The radical sect of Islam would either see you dead or "reverted" to Islam.
I think negative propositions such as that tend to fall apart upon close examination unless you have a really, really inclusive definition of "religion," such as one that would include the prevailing rational, secular mindset of our time as taught in the public schools...the reason being, when you ask "Well, WHO created this 'religion' thing?" (society) or "How is it spread?" (indoctrination) or "How exactly does it enable people to be controlled?" (by inculcating belief systems) you start to find all kinds of parallels with the dominant social mindset. That is, there is no case where you can say something about religion that you can't say about supposedly non-religious social structures.
:)
With a wide enough definition of "religion," public schools become religious institutions where students are indoctrinated for 12+ years into a certain model of seeing and thinking about the world. If your definition is really narrow, on the other hand, then you're just arbitrarily persecuting religions. The word for that is "bigotry."

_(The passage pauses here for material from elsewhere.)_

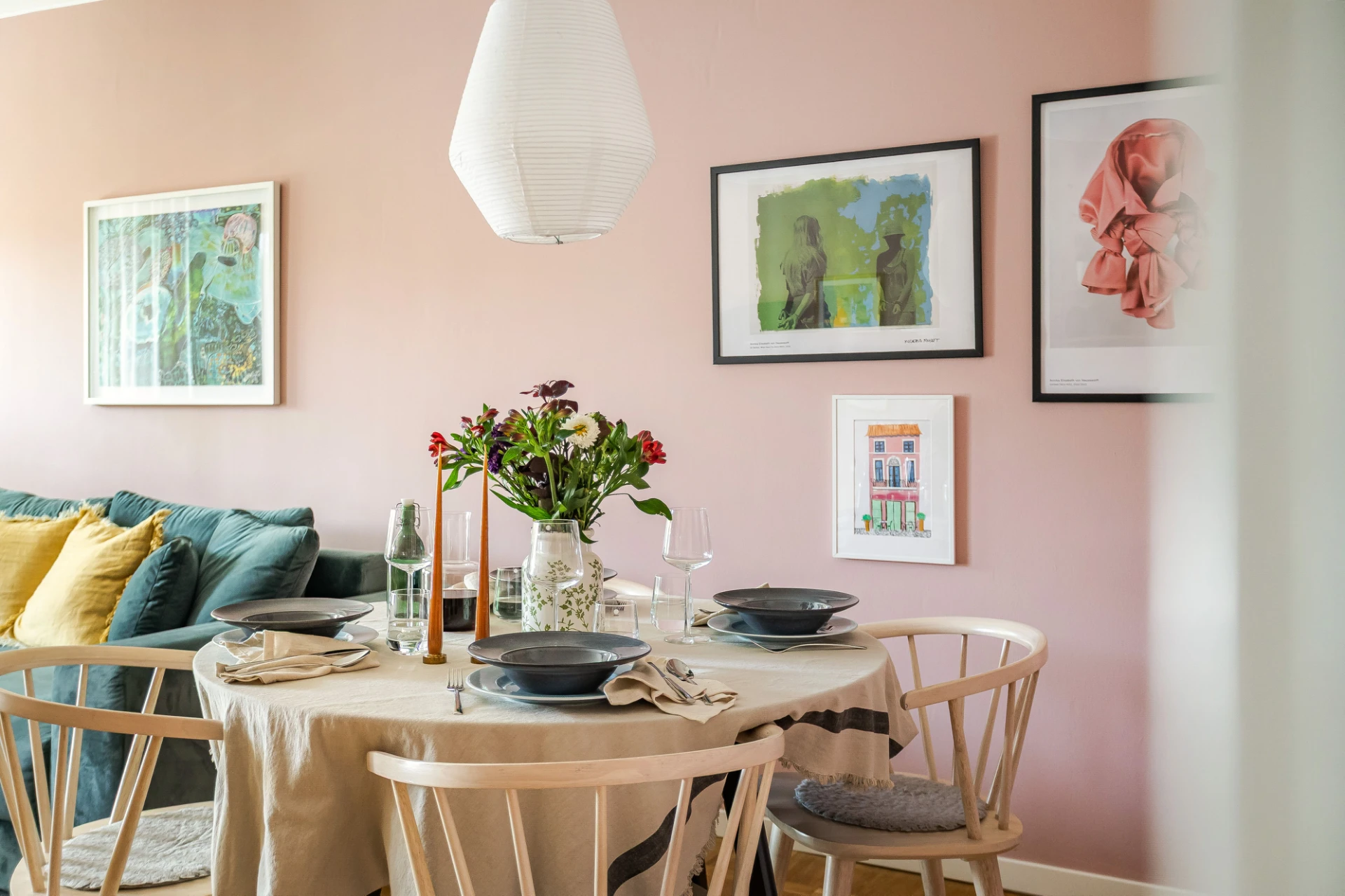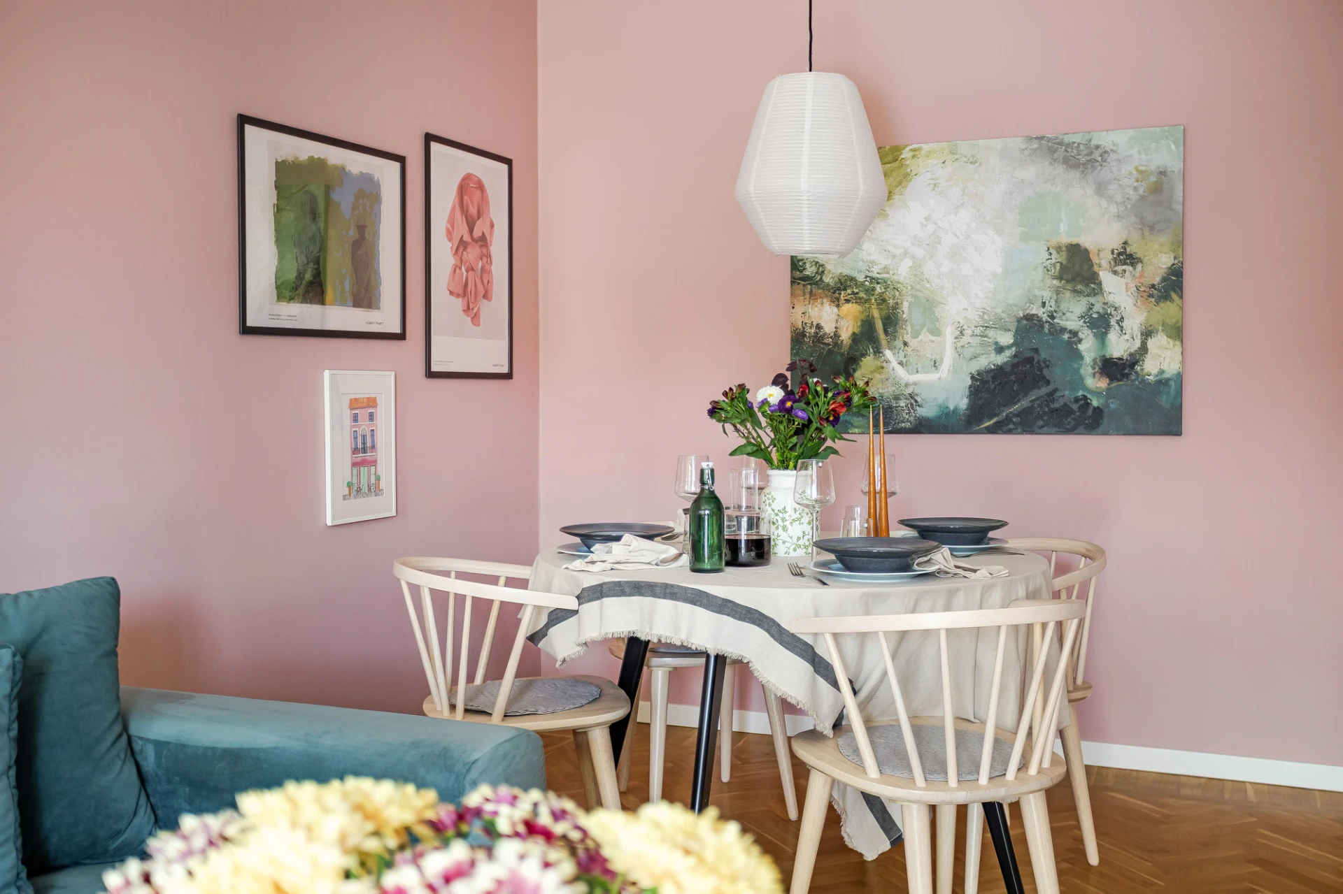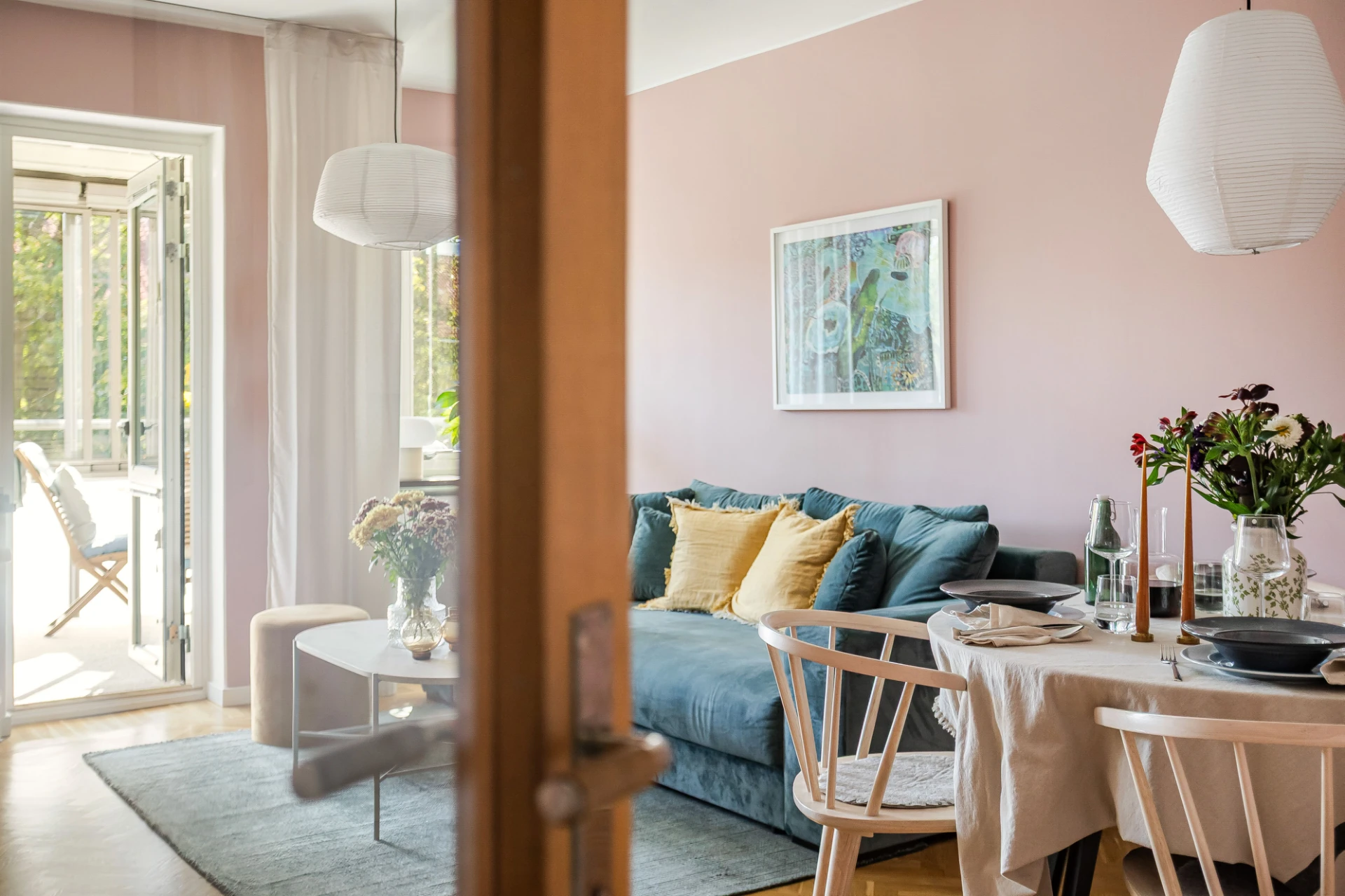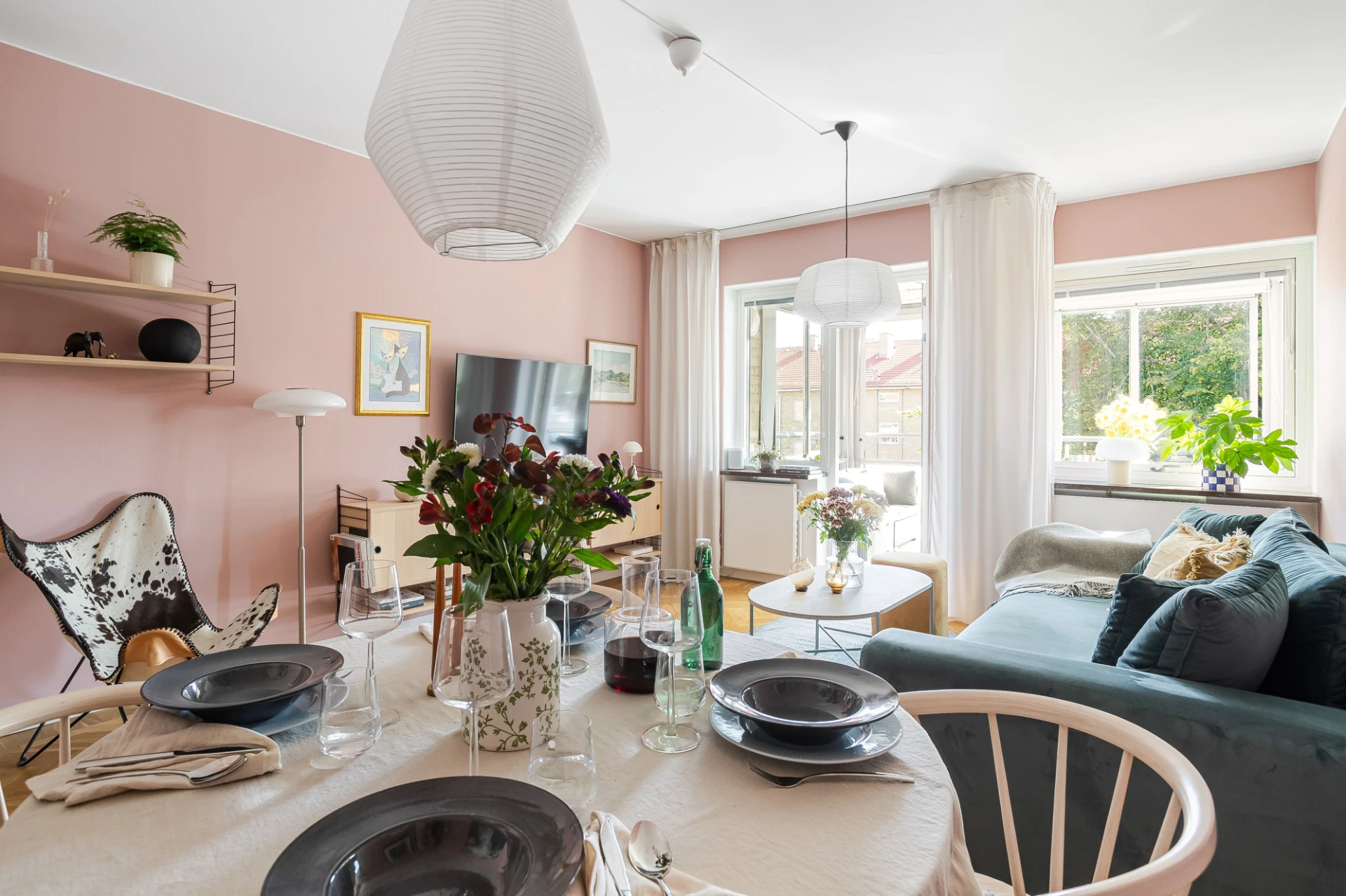 Stort härligt vardagsrum med väggar i härlig gammelrosa färg, vilket ger en otrolig värme och karaktär till den vackra fiskbensparketten som är kvar sedan begynnelsen. Detta rum möjliggör många olika möbleringar för olika tillfällen. Det är också härifrån som ni når den härligt inglasade balkongen.

Now, if you're just making the argument that our society isn't any more advanced than so-called "primitive" ones, or that the public school system is full of fraud, well, there's plenty of evidence for that
"there is no case where you can say something about religion that you can't say about supposedly non-religious social structures."
That is exactly the conclusion this solid line of logic leads to.
"public schools become religious institutions where students are indoctrinated for 12+ years into a certain model of seeing and thinking about the world"
Interesting observation.
I agree with you completely and have no intention of retracting my statements or qualifying them to limit scope.
There is one very important difference between religious structures and present day social structures. Present day social structures only claim they are telling you what to do because you are incompetent in the game of life. Religious structures include the afterlife in that and tend to further mock by acting as if you would believe in sea creatures and all seeing all powerful invisible men who can't be tested or questioned.